■ **DATA SHOWN**
.....

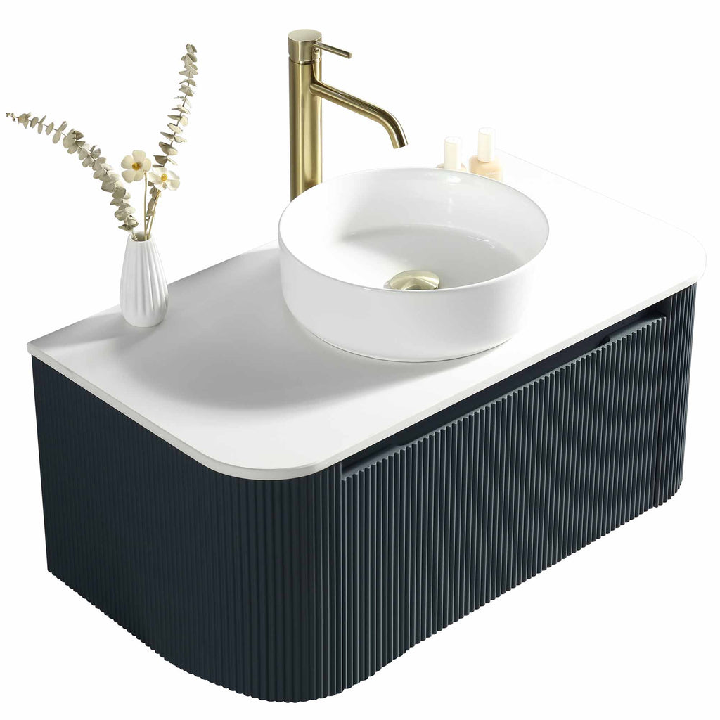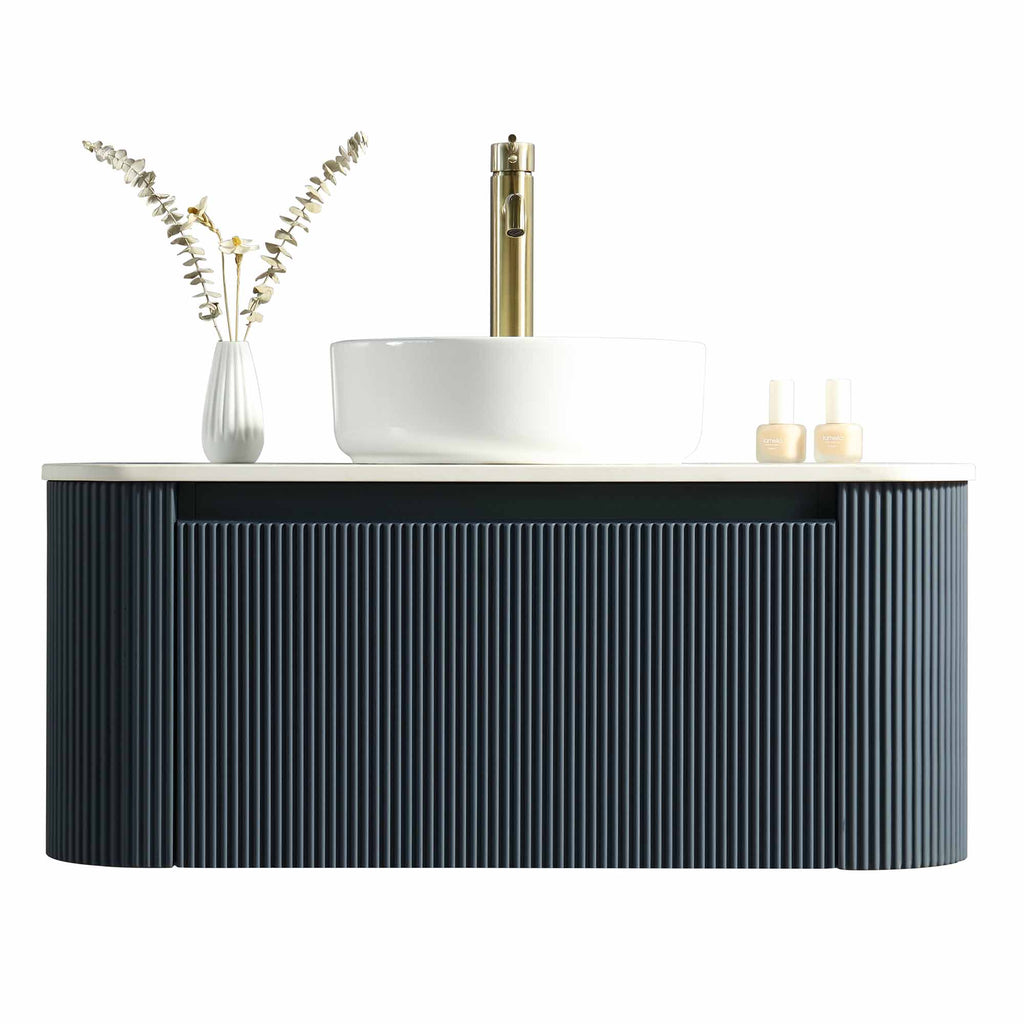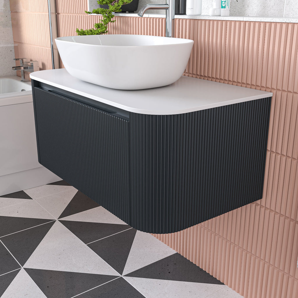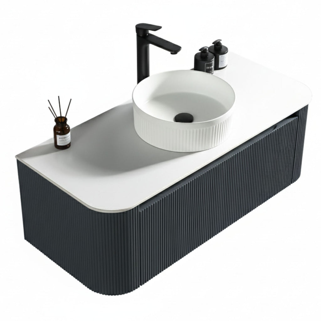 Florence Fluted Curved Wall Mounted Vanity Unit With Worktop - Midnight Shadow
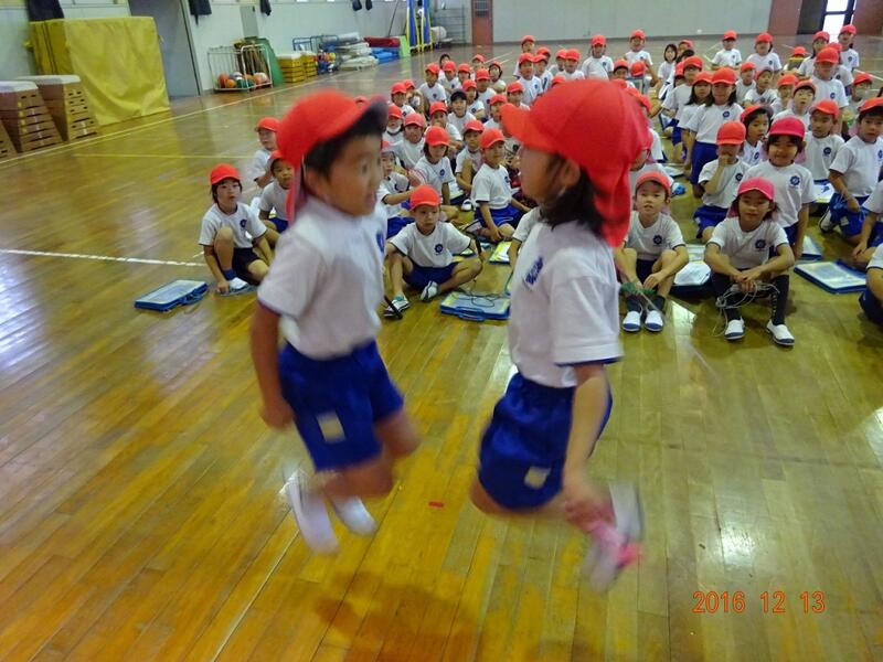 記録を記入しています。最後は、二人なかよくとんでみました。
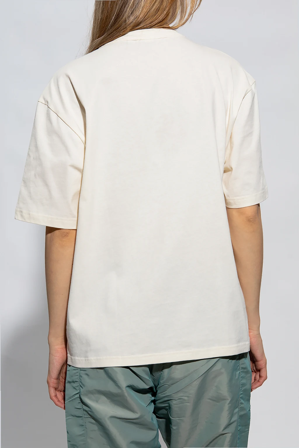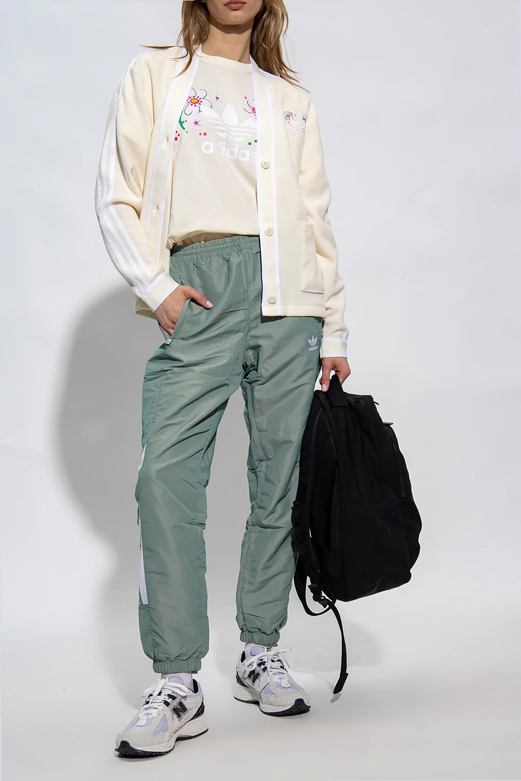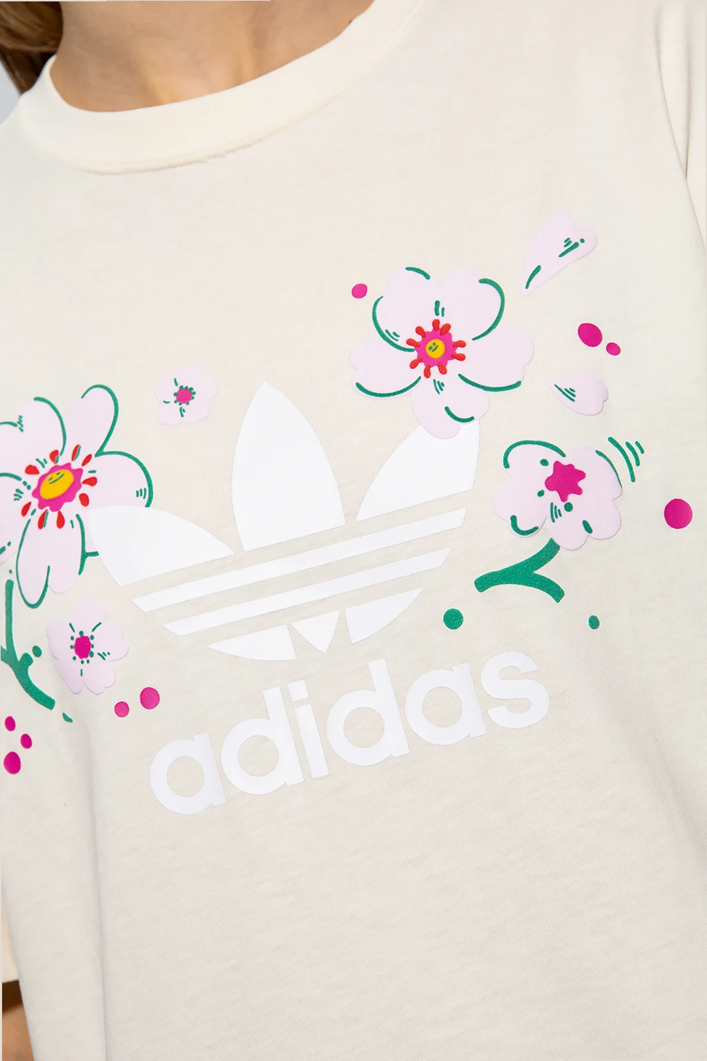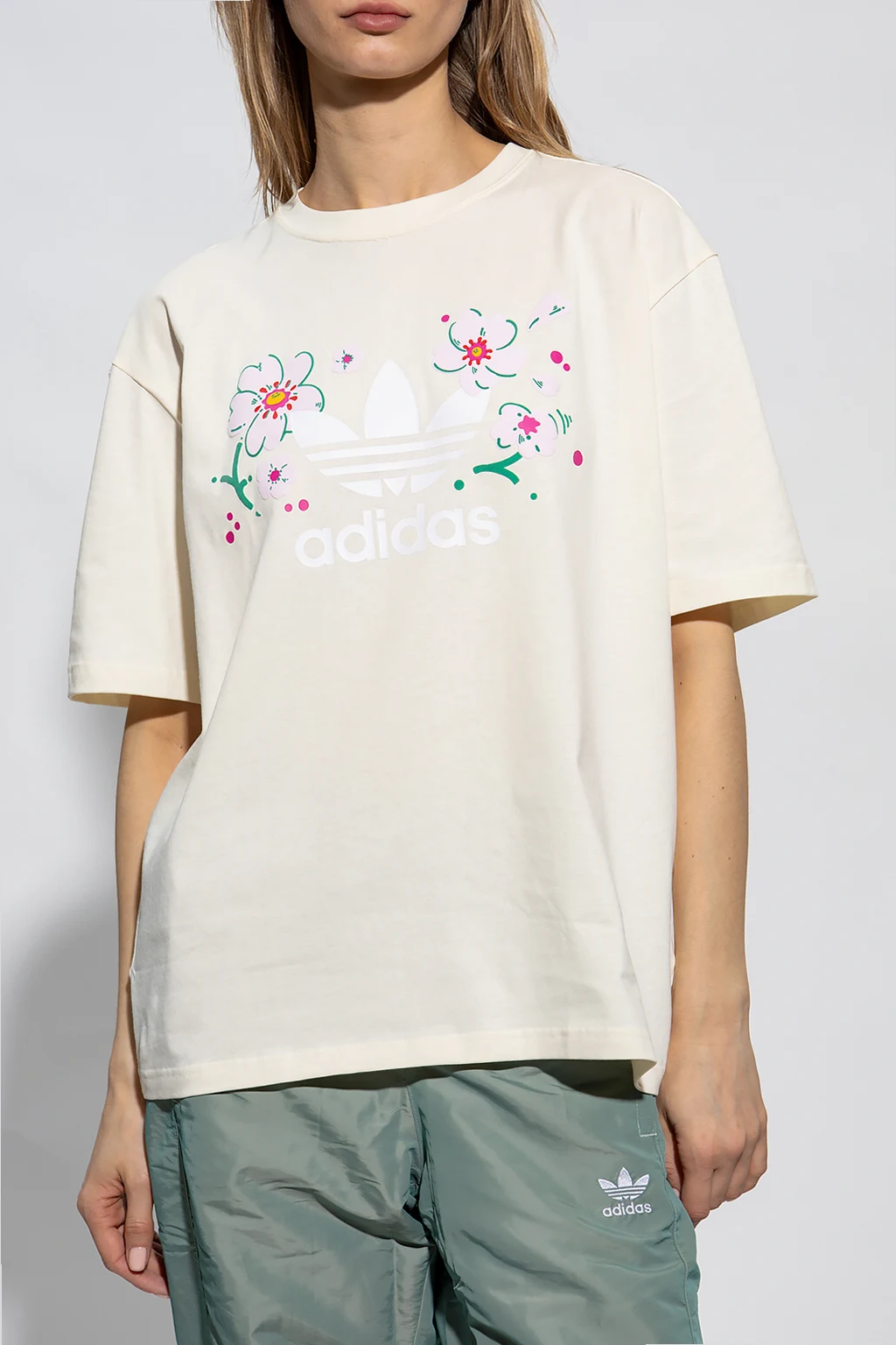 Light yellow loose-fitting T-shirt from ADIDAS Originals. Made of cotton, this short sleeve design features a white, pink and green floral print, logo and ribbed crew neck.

.....

Write out each line of the data exactly; the images should be left out.

■ **ANSWER FOR THIS EXERCISE**
 Florence Fluted Curved Wall Mounted Vanity Unit With Worktop - Midnight Shadow
 記録を記入しています。最後は、二人なかよくとんでみました。
 Light yellow loose-fitting T-shirt from ADIDAS Originals. Made of cotton, this short sleeve design features a white, pink and green floral print, logo and ribbed crew neck.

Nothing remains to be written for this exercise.